:: THE RECORDS ::
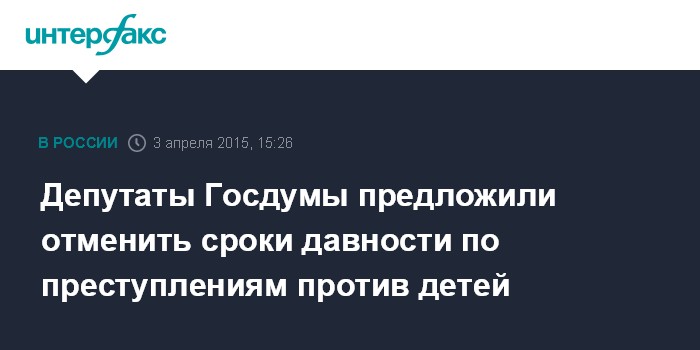 Главы двух парламентских комитетов - Елена Мизулина ("Справедливая Россия") и Ольга Баталина ("Единая Россия") предложили поправки в ч. 5 ст. 78 и ч. 4 ст. 83 УК РФ "в целях усиления защиты детей от преступлений сексуального характера".
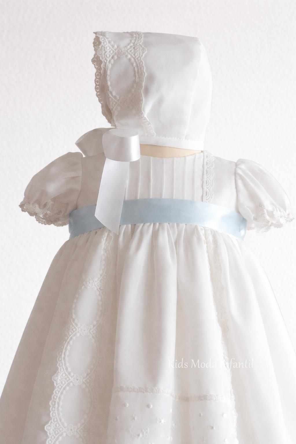 Confeccionado en delicado tejido de gasa blanca, presenta cuello redondeado, cuerpo de jaretas y falda con puntillas bordadas, creando un acabado elegante y armonioso. Luce un bonito fajín de raso celeste y cierre trasero con botones para mayor comodidad.
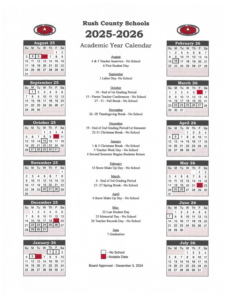2025 2026 School Year Calendar Rush City Public Schools
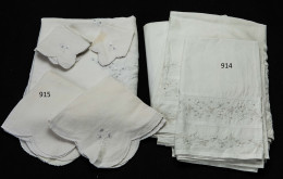 Mantelería de hilo blanco con decoración de flores bordadas blancas y grises
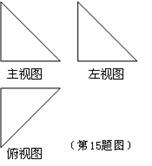 15.如右图,一个空间几何体的主视图、左视图、俯视图为全等的等腰直角三角形,如果直角三角形的直角边长为1,那么这个几何体的体积为 .![]()
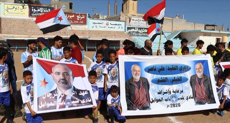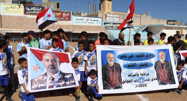 وسط إستعدادات كبيرة وتنظيم رائع وبمشاركة 10 فرق رياضية،إنطلق عصر اليوم الأربعاء 15-4-2026 بمديرية الشعيب محافظة الضالع دوري الفقيد العميد بحري علي ناصر قاسم الخيلي القشم عليه رحمة الله والذي يقام بدعم ورعاية إدارة نادي شباب العوابل الرياضي.وفي مباراة الإفتتاح وعلى ملعب شهداء العوابل إلتقى فريق النصر صاحب القميص الأصفر مع فريق الإتحاد صاحب القميص الأزرق"البداية كانت مع الشوط الشوط الأول حيث سجل فريق النصر هدفه الأول في الدقيقة 4 وذلك عبر لاعبه النجم قايد محمد"واستمر اللعب بتنافس رائع ووتيرة رياضية عالية حتى نهاية الشوط والذي تقدم فيه فريق النصر بهدف نظيف دون مقابل للإتحاد.
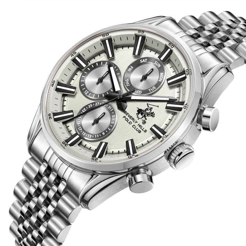 BEVERLY HILLS POLO CLUB BP3823X.360 — стильные мужские часы, сочетающие спортивную динамику и функциональность. Крупный корпус выполнен из нержавеющей стали серебристого цвета, диаметром 42,5 мм, гармонично дополнен стальным браслетом на раскладной застёжкеРаскладная застёжкаТакой тип застёжки используется только на браслетах из металла. Она никогда не раскрывается полностью, происходит разделение на 2 и более частей. Раскладывающая застёжка снизит вероятность потери часов к минимуму., что обеспечивает комфортное ношение. Минеральное стеклоМинеральное стеклоМинеральное стекло представляет собой искусственно выращенный минерал кварца. Такое стекло отличается особой устойчивостью к повреждениям и царапинам. Уступает по некоторым качествам сапфировому стеклу. с сапфировым покрытием защищает циферблат от царапин, а кварцевый механизм обеспечивает высокую точность. Благодаря своей универсальной эстетике эти часы уместны и в деловой среде, и в повседневном образе. Стрелки и метки с люминесцентным покрытиемЛюминесцентное покрытиеПозволяет считывать показания времени в темноте. Производители наносят на стрелки, часовые индексы, безель или поверхность циферблата светонакопительный состав, дающий холодное свечение., обеспечивающим хорошую читаемость в темноте. Указатель дня недели вынесен на отдельный циферблат, также присутствует индикация 24-часового формата времени. Идеальный выбор для тех, кто ценит элегантный дизайн и качество. Водозащита до 50 метров позволит защитить корпус от случайных брызг или капель дождя.
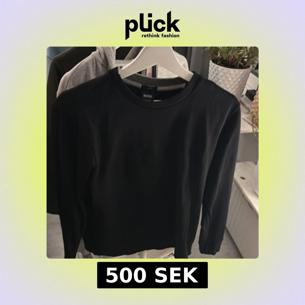 Säljer en stilren svart tröja från Boss. Tröjan har en klassisk design med rund hals och långa ärmar. Perfekt för en minimalistisk look.
:::
Leaving all pictures aside, quote each record exactly.

 Главы двух парламентских комитетов - Елена Мизулина ("Справедливая Россия") и Ольга Баталина ("Единая Россия") предложили поправки в ч. 5 ст. 78 и ч. 4 ст. 83 УК РФ "в целях усиления защиты детей от преступлений сексуального характера".
 Confeccionado en delicado tejido de gasa blanca, presenta cuello redondeado, cuerpo de jaretas y falda con puntillas bordadas, creando un acabado elegante y armonioso. Luce un bonito fajín de raso celeste y cierre trasero con botones para mayor comodidad.
2025 2026 School Year Calendar Rush City Public Schools
 Mantelería de hilo blanco con decoración de flores bordadas blancas y grises
 15.如右图,一个空间几何体的主视图、左视图、俯视图为全等的等腰直角三角形,如果直角三角形的直角边长为1,那么这个几何体的体积为 .![]()
 وسط إستعدادات كبيرة وتنظيم رائع وبمشاركة 10 فرق رياضية،إنطلق عصر اليوم الأربعاء 15-4-2026 بمديرية الشعيب محافظة الضالع دوري الفقيد العميد بحري علي ناصر قاسم الخيلي القشم عليه رحمة الله والذي يقام بدعم ورعاية إدارة نادي شباب العوابل الرياضي.وفي مباراة الإفتتاح وعلى ملعب شهداء العوابل إلتقى فريق النصر صاحب القميص الأصفر مع فريق الإتحاد صاحب القميص الأزرق"البداية كانت مع الشوط الشوط الأول حيث سجل فريق النصر هدفه الأول في الدقيقة 4 وذلك عبر لاعبه النجم قايد محمد"واستمر اللعب بتنافس رائع ووتيرة رياضية عالية حتى نهاية الشوط والذي تقدم فيه فريق النصر بهدف نظيف دون مقابل للإتحاد.
 BEVERLY HILLS POLO CLUB BP3823X.360 — стильные мужские часы, сочетающие спортивную динамику и функциональность. Крупный корпус выполнен из нержавеющей стали серебристого цвета, диаметром 42,5 мм, гармонично дополнен стальным браслетом на раскладной застёжкеРаскладная застёжкаТакой тип застёжки используется только на браслетах из металла. Она никогда не раскрывается полностью, происходит разделение на 2 и более частей. Раскладывающая застёжка снизит вероятность потери часов к минимуму., что обеспечивает комфортное ношение. Минеральное стеклоМинеральное стеклоМинеральное стекло представляет собой искусственно выращенный минерал кварца. Такое стекло отличается особой устойчивостью к повреждениям и царапинам. Уступает по некоторым качествам сапфировому стеклу. с сапфировым покрытием защищает циферблат от царапин, а кварцевый механизм обеспечивает высокую точность. Благодаря своей универсальной эстетике эти часы уместны и в деловой среде, и в повседневном образе. Стрелки и метки с люминесцентным покрытиемЛюминесцентное покрытиеПозволяет считывать показания времени в темноте. Производители наносят на стрелки, часовые индексы, безель или поверхность циферблата светонакопительный состав, дающий холодное свечение., обеспечивающим хорошую читаемость в темноте. Указатель дня недели вынесен на отдельный циферблат, также присутствует индикация 24-часового формата времени. Идеальный выбор для тех, кто ценит элегантный дизайн и качество. Водозащита до 50 метров позволит защитить корпус от случайных брызг или капель дождя.
 Säljer en stilren svart tröja från Boss. Tröjan har en klassisk design med rund hals och långa ärmar. Perfekt för en minimalistisk look.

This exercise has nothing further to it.